Tools used to perform measurements:

  • perf: query the Performance Monitor Unit (PMU) events, core counters of processors and also software events counted by the Linux kernel; these data is aggregated by socket
  • ps: obtain information about the threads running on different cores; independently, also obtain information about RSS memory
  • opainfo, to query OmniPath (OPA) network metrics; per-node data
  • mmpmon, to query GPFS file systems metrics; per-node data
  • SLURM commands as scontrolsqueue and sacct to gather additional information for jobs

Epochs:

Performance data is sampled at regular intervals by hpcmd. It calls the perf tool in a blocking way: perf sets up counters, measures for some time (duration: epoch = 240 sec, awake = 230 sec) and finally reads from these counters.

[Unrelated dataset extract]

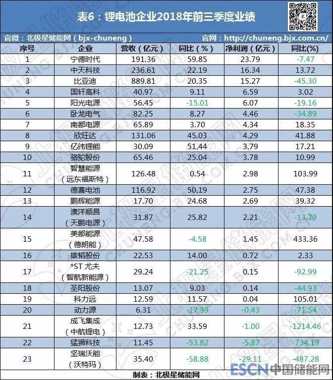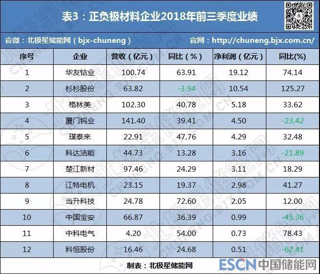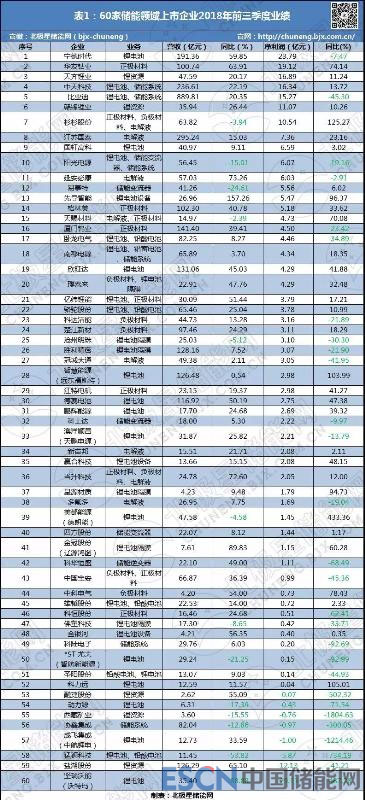 在業(yè)績(jī)?yōu)橥醯馁惖郎?,“叢林法則”是唯一的競(jìng)爭(zhēng)邏輯,有人稱(chēng)霸,自有人隕落。北極星儲(chǔ)能網(wǎng)通過(guò)對(duì)鋰電池、鋰電材料、鋰電設(shè)備等60家儲(chǔ)能領(lǐng)域上市企業(yè)前三季度業(yè)績(jī)統(tǒng)計(jì)發(fā)現(xiàn),近9成企業(yè)業(yè)績(jī)飄紅,僅8家出現(xiàn)虧損,其中寧德時(shí)代、華友鈷業(yè)、天齊鋰業(yè)分別以23.79億元、19.12億元和16.89億元的凈利潤(rùn)奪得前三甲,而堅(jiān)瑞沃能受沃特瑪債務(wù)危機(jī)拖累則巨虧29.11億元,成為名副其實(shí)的“虧損王”。但值得注意的是,這60家企業(yè)中凈利潤(rùn)增速超過(guò)50%的僅有10家,而凈利潤(rùn)下滑的企業(yè)卻多達(dá)近半數(shù)(詳見(jiàn)表1)。

All the other tools called by hpcmd return within a fraction of a second. At the beginning of each epoch, each 4 minutes, a new measurement is started.

Data management and visualization 

The syslog messages generated by hpcmd (each 4 minutes for running jobs) on each node are transported and collected by the rsyslog tool (via ethernet) to be recorded in a database. 

Jobs collected data is available for visualization.  

 

Interference with other performance tools

To run some special category of jobs might be necessary to suspend the hpcmd system service for the duration of the job as the hpcmd tool continuously queries hardware counters through the linux perf tool and those cannot be simultaneously accessed by a second tool. For example this may be necessary when using one of the following or similar tools in a job: Intel VTUNE, Intel Advisor, PAPI, perf...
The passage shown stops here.